The economics of the legal field, he explains, mean that a plaintiff attorney who has taken a case on a contingency fee also has a vested interest in settling.
“[For plaintiff attorneys] investing time into a case—knowing there is a strong chance they won’t get their money back—there is a value proposition to settling early to get as much money as they can before they invest too much into it.”
McCalmon points out, however, that some trial attorneys won’t settle and are ready and willing to go to court because they have the means to do so. Those attorneys will “win three out of five, but those three are really big. But those attorneys are kind of rare. You have to have a lot of resources and be able to take the losses.”
From a defense perspective, too, it’s always valuable to try to get a settlement as early as possible, he notes.

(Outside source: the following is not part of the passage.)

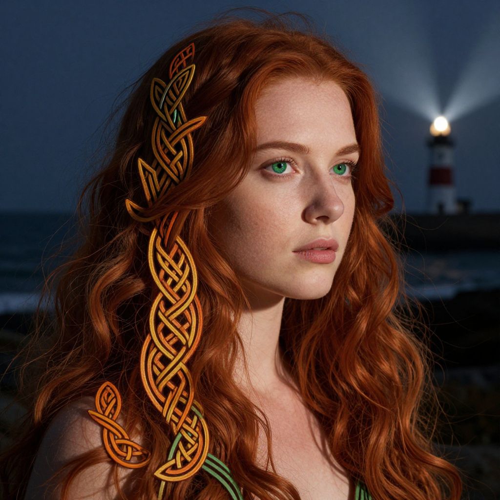 A portrait photograph depicts a young woman with cascading red hair and striking green eyes, seamlessly intertwined with intricate Celtic knotwork patterns. The vibrant lines of the knotwork meander through her locks like vines, creating a captivating visual tapestry that symbolizes nature's beauty and humanity's enduring spirit. Illuminated by the distant lighthouse's beams, her expression exudes contemplative serenity amidst dramatic shadows that enhance the interplay between organic curves and abstract design. This dual imagery of knotwork and feminine grace forms a harmonious visual symphony, embodying the eternal dance of order and chaos within human existence.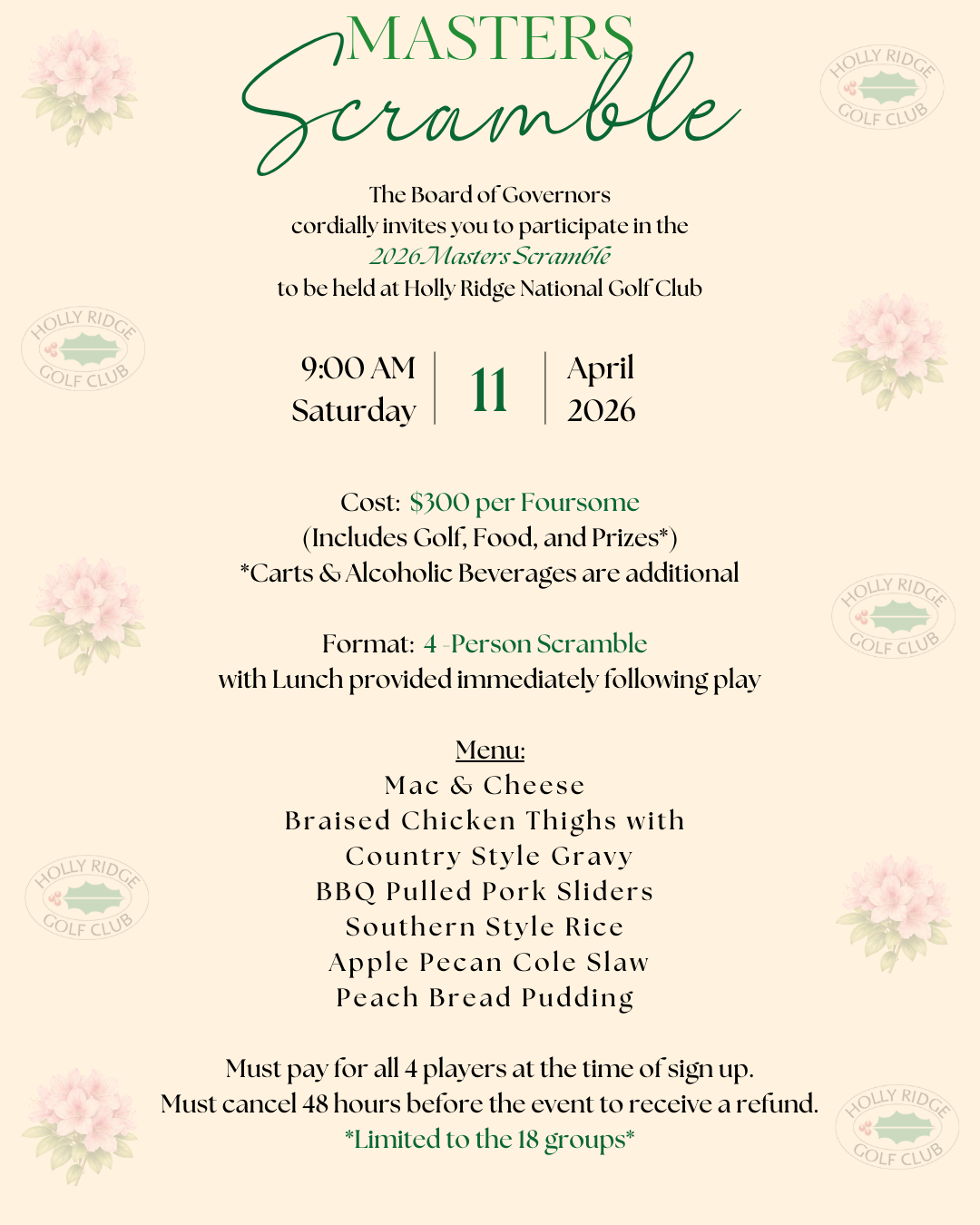 Must pay for All 4 Players and reserve carts (if riding) at time of sign up.

“But there are some things that keep that from happening,” McCalmon notes. “If it’s an emotional issue—an employment or wrongful-death issue—often the plaintiff is not willing to settle. They are upset. You especially see that in directors-and-officers cases.”
There are also certain cases that just don’t settle. “Wage-and-hour cases are that way, because you either paid them or you didn’t, and that usually comes out in discovery—and there’s no reason to settle for less than what the law requires [an employer to pay],” he explains.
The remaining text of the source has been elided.